Descartes and humanism, from which he obviously drew much of his learning, were too caught up in the rejection of theological and theocratic ideas to be able to overcome radically the hiatus between essence and existence, thought and matter. Without the aid and benefit of Darwin’s evolutionary findings, he had no insight into the historical development of human faculties and of language in particular. Had he been so aware, Descartes may well have found that the solution to his transcendental impasse lay in the very reason why he had opted for French rather than Latin to publish his studies: - the fact that language, as the unity of thought, action and world, provides the immanentist historical solution to his philosophical puzzle. It may well be said (with Negri) that Descartes’s radicalization of the cogito through the mediation of the ontological proof and of the omnipotence of the Divinity ends up turning his philosophical idealism into a blatant ideology, due in large part to his own recognition of the defeat of humanism after the condemnation of Galileo. The conclusion remains that Descartes cannot account for the world – and so he cannot account for human activity either – scientific, technological or productive.

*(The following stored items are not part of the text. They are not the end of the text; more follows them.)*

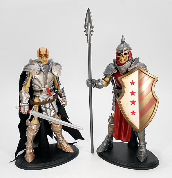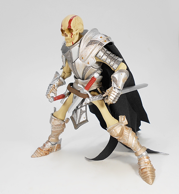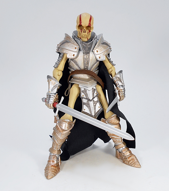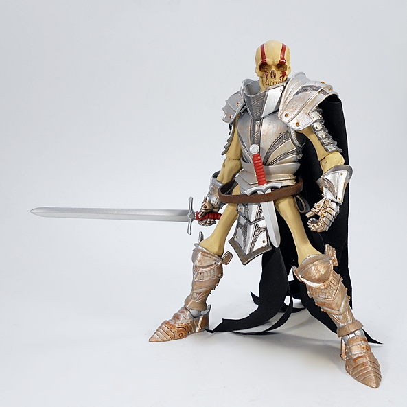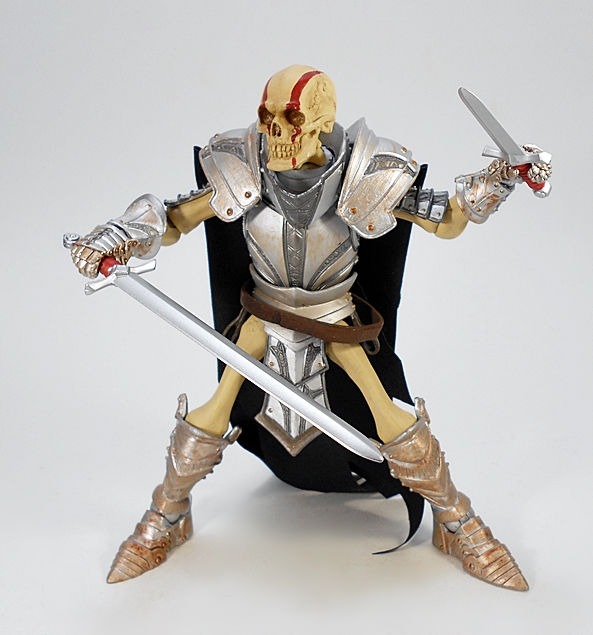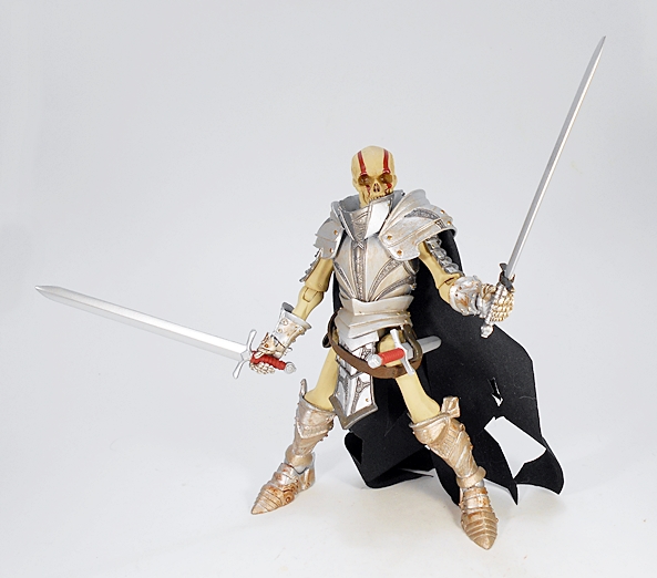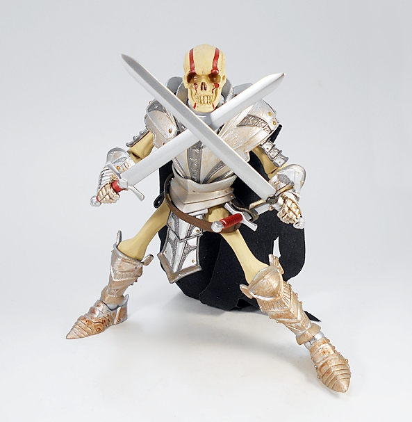 Yes, much like his bony chum, Skapular, Tibius is a skeleton knight and you should recognize a lot of the parts here from Mr. Skappy. It’s OK, we’re bros, I can call him that. The arms, legs, neck, and groin plates are all taken directly from that figure, but the tabard covered chest piece has been replaced with the full on plate armor that we’ve seen used for all the knights. The bone pieces are straight-up recycled while the armor has a more of a tarnished silver paint scheme going on. I like it a lot, particularly on the lower legs. It looks like he just pulled himself out of his Crypt. Perhaps it was the very same crypt that Skapular broke. This is not the flashiest armor we’ve seen, but I think it suits him.
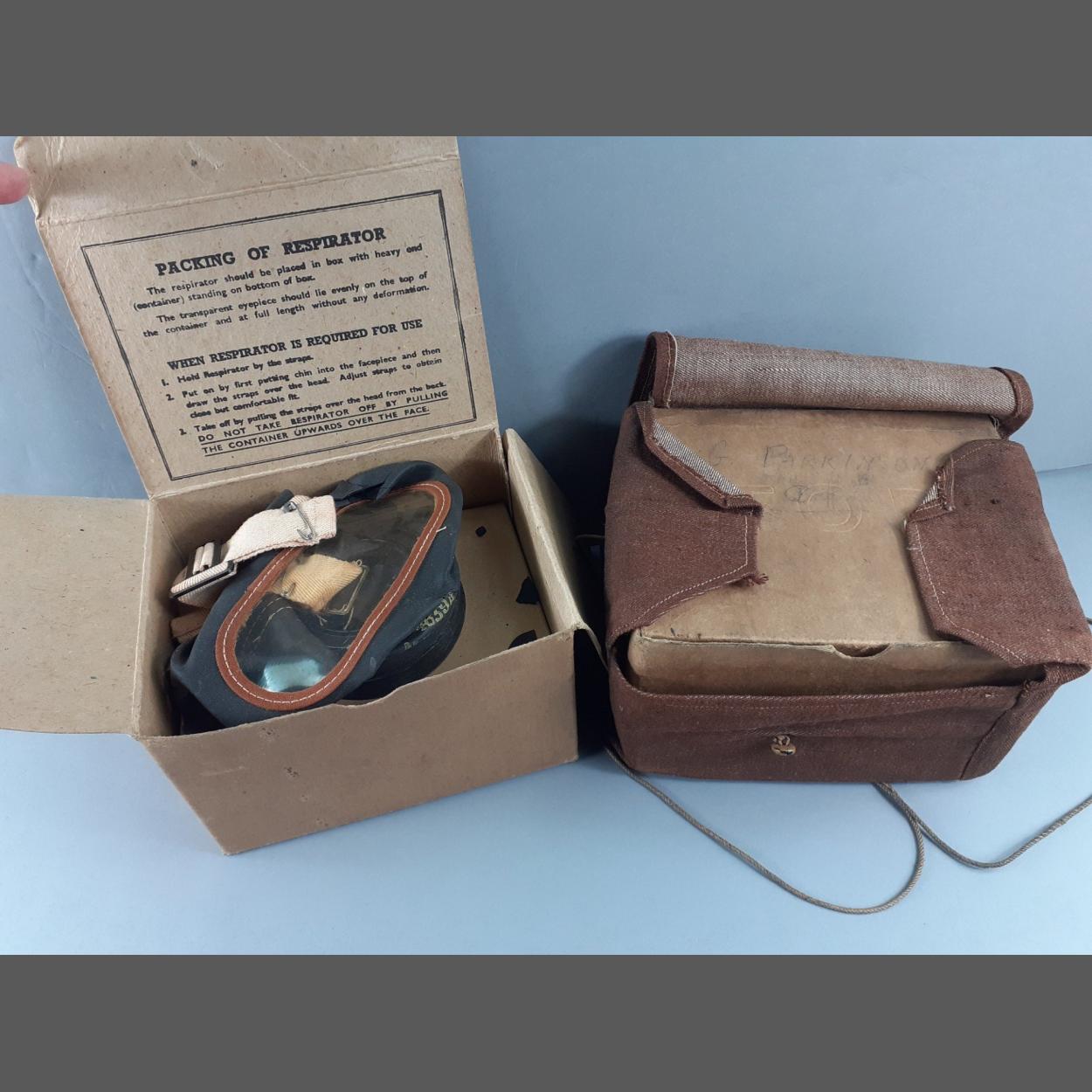 Two boxed GAS MASKS, one with canvas case. Both appear complete but with perishing to the rubber.
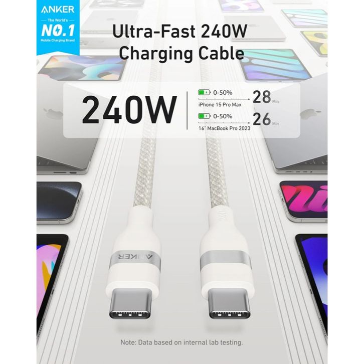 USB C to USB C 240W Upcycled Braided Fast Charging Cable 3FT 6FT - A82E2
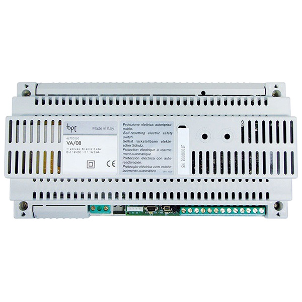 VA/08 – контроллер используется в системе XiP для подключения 4 вызывных панелей типа Thangram DVC/08, MTM/08 и Digitha DDVC/08.
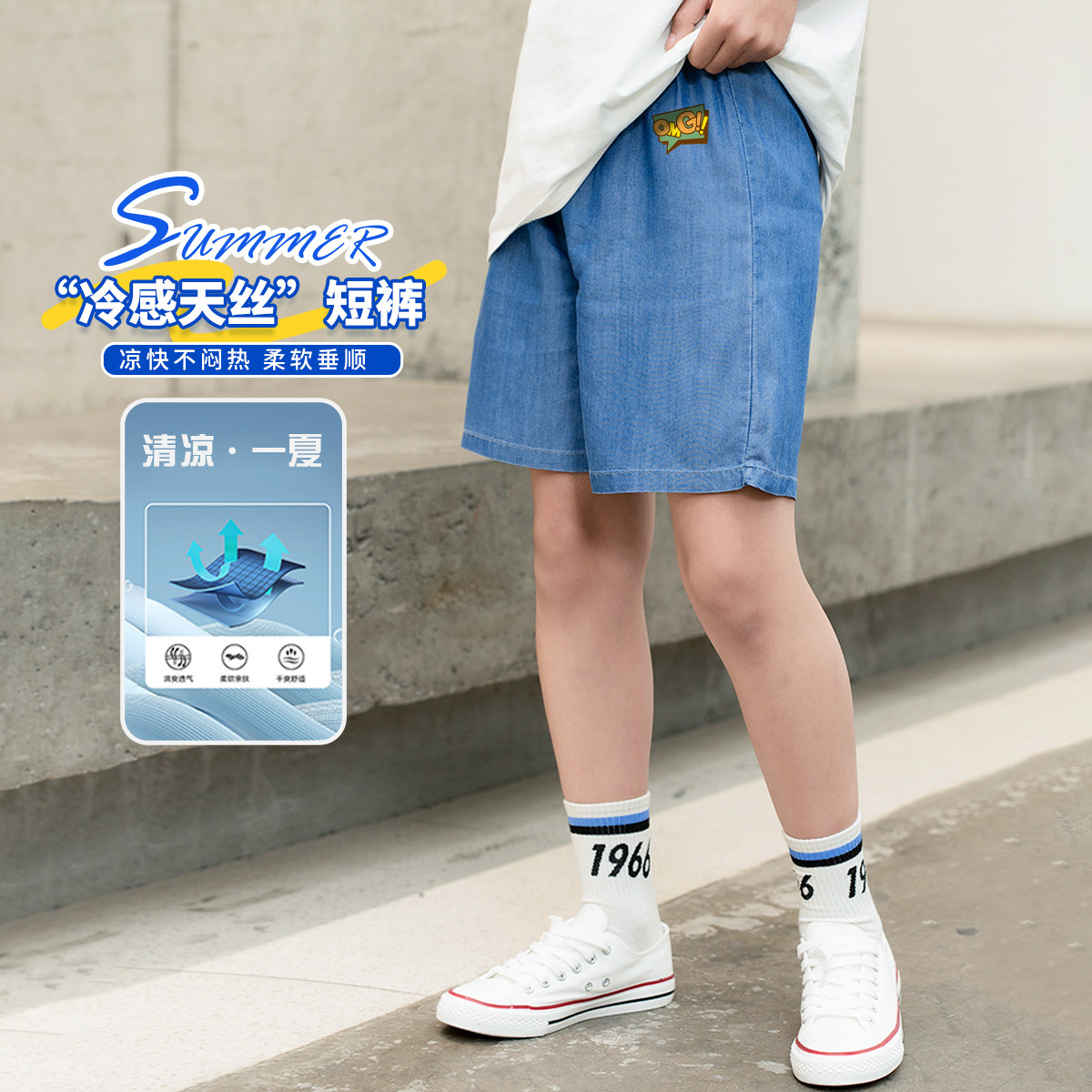 【天丝·冷感】儿童裤子24新款大童薄款外穿天丝牛仔热裤潮 184719
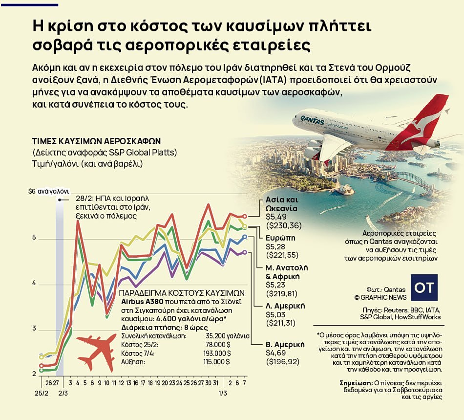 Με κατακόρυφη αύξηση στις τιμές στα καύσιμα έχουν έρθει αντιμέτωπες οι αεροπορικές εταιρείες παγκοσμίως λόγω του πολέμου στο Ιράν. Το κλείσιμο των Στενών του Ορμούζ στις 28 Φεβρουαρίου διατάραξε ριζικά το διεθνές εμπόριο ενέργειας, ανεβάζοντας σημαντικά τις τιμές και στα καύσιμα αεροσκαφών.

His ex-aggeration of (literally, erecting a rampart around) the Divinity as the omnipotent enabler of human invention was a crumbling fable from the very outset: not the world, then, is a “fable” (cf. Nietzsche’s Twilight) but rather the Cartesian philosophical reduction of it to that sorry status – something that Nietzsche justly derided, seeking thereby to rescue precisely this life-world from its Cartesian extrusion (cf. The Anti-Christ, par.14).